How to Store failed data on sending to topic in spring cloud stream kafka

284 views Asked by At

I have configured 3 brokers in Kafka running on different ports .I am using spring cloud stream kafka

brokers:  localhost:9092,localhost:9093,localhost:9094.

I am creating a data pipeline that gets continuous stream of data .I am storing stream of data in kafka topic with 3 brokers running .Till now there is no problem .My concern is suppose say 3 brokers went down for 5 minutes then at that time i am unable to get data on kafka topic .There will be data loss for 5 minutes .From spring boot i will get warning

2020-10-06 11:44:20.840  WARN 2906 --- [ad | producer-2] org.apache.kafka.clients.NetworkClient   : [Producer clientId=producer-2] Connection to node 0 (/192.168.1.78:9092) could not be established. Broker may not be available. 

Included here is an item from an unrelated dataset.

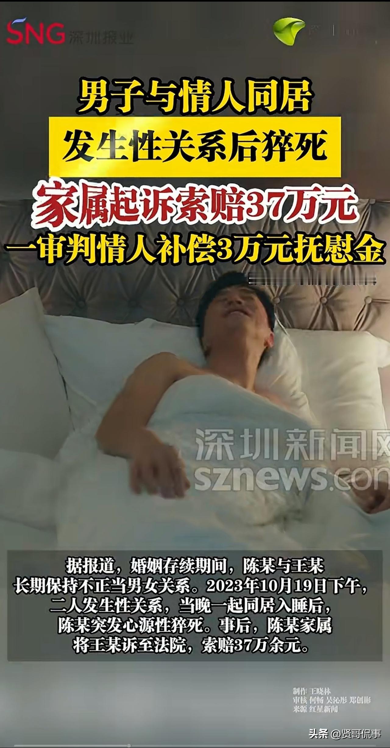 “自古奸情出人命!”安徽安庆,一男子瞒着家人与情妇在外同居,一次感冒后两人发生关系,不料,男子于当晚凌晨时分突发疾病猝亡。事后,男子家属悲痛欲绝,遂将情妇告上法庭,索赔370000元,法院判了。 据深圳新闻网11月17日消息,2023年8月起,男子陈某便背着家庭在外和情妇王某同居。 然而,好景不长,当年10月,陈某身体出了状况,感冒咳嗽还发烧,前前后后王某都陪着他去诊所看病挂水。 可陈某病情尚未痊愈,就向王某提出了要求,两人发生了关系。 当天夜里零时左右,陈某疾病发作,王某叫来儿子一起对他施救,并拨打了急救电话。 但最终,陈某还是因抢救无效离世。 经医院诊断,陈某死因是心源性猝死。 消息传到陈某妻儿耳中,她们悲痛万分。 一方面,她们对陈某的背叛行为感到震惊;另一方面,更多的是为陈某的突然离世而伤心。 为陈某办完丧事后,家属腾出时间找王某讨说法,并分两次向法院起诉,要求王某返还陈某此前给她的31万元财产,并赔偿37万元损失。 说实话,这事看起来实在荒唐。 一个有家室的男人,背着家人在外胡搞,结果把自己的命搭进去了,让家人悲痛之余,还要处理他留下的一堆麻烦,让人无语。 那么,此事又涉及到哪些法律问题呢? 1、陈某违背夫妻忠实义务,可能构成重婚。 陈某在已婚的情况下却出轨王某,完全违背了《民法典》规定的夫妻忠实勤勉义务。 此外,如果陈某与王某同居时是以夫妻名义。 那么,其行为涉嫌重婚罪,依法应受刑事处罚。 如今陈某已死,追究刑责只能作罢。 2、如果陈某向王某给付财产属实,王某应返还。 《民法典》明确规定,夫妻对共同财产有同等处置权,一方不得擅自处置大额财产。 本案中,陈某和王某的行为违背公序良俗,为人不齿。 若陈某未经妻子同意,私自将夫妻共同财产给王某,其行为无效。 王某应向陈某妻子返还财产。 法院最终认定陈某赠与王某3万余元的行为无效,王某需返还。 3、那么,王某要对陈某的死亡负责吗? 《民法典》规定,当事人因过错导致损害结果发生,应承担侵权责任。 经查,陈某系心源性猝死,此前还做过胰腺疾病手术,且当时有感冒症状。 据王某称,陈某发病时,她们尽力施救。 而现有证据无法证明陈某死亡与王某有因果关系。 对陈某来说,他作为成年有家室的人,应对自身健康负责。 当然,王某明知陈某有家庭,仍违背公序良俗与其同居,导致陈某死亡,给其家属带来伤害。 基于此,王某应适当承担陈某家属的精神损失。 综上,法院最终依法判定,王某补偿陈某家属3万元精神损失费较为合适。 俗话说,“妻贤夫祸少,夫正妻心安。” 良好的婚姻关系需要夫妻相互忠诚、担当家庭责任。 若陈某一开始对家庭和妻子怀有“忠”心,或许这样的悲剧就不会发生。 对此,你怎么看呢?欢迎大家在评论区留言。

Is there a way to store data temporary when all brokers goes down and again start to resume writing to topic from a temporary storage when brokers are up again ?

1

There are 1 answers

0
Michael Heil On

You could make use of the internal buffer the Producer is using to send the data to the cluster. The KafkaProducer has a queue under the covers and a dedicated I/O thread that actually sends the data to the cluster.

In combination with the producer configuration retries (by default set to 0) you may want to increase the buffer.memory which is described as

The total bytes of memory the producer can use to buffer records waiting to be sent to the server. If records are sent faster than they can be delivered to the server the producer will block for max.block.ms after which it will throw an exception.

This setting should correspond roughly to the total memory the producer will use, but is not a hard bound since not all memory the producer uses is used for buffering. Some additional memory will be used for compression (if compression is enabled) as well as for maintaining in-flight requests.

However, I do not think that having the producer itself dealing with a complete cluster failure is generally a good idea. Kafka itself is designed to deal with failures of individual brokers, but if all your broker go down uncontrolably at the same time you may run into bigger issues than just missing some data of an individual producer.

If only one broker is not reachable for a time period there is nothing to be done, as Kafka internally will switch the partition leader of the topic to another broker (if the partition was replicated of course).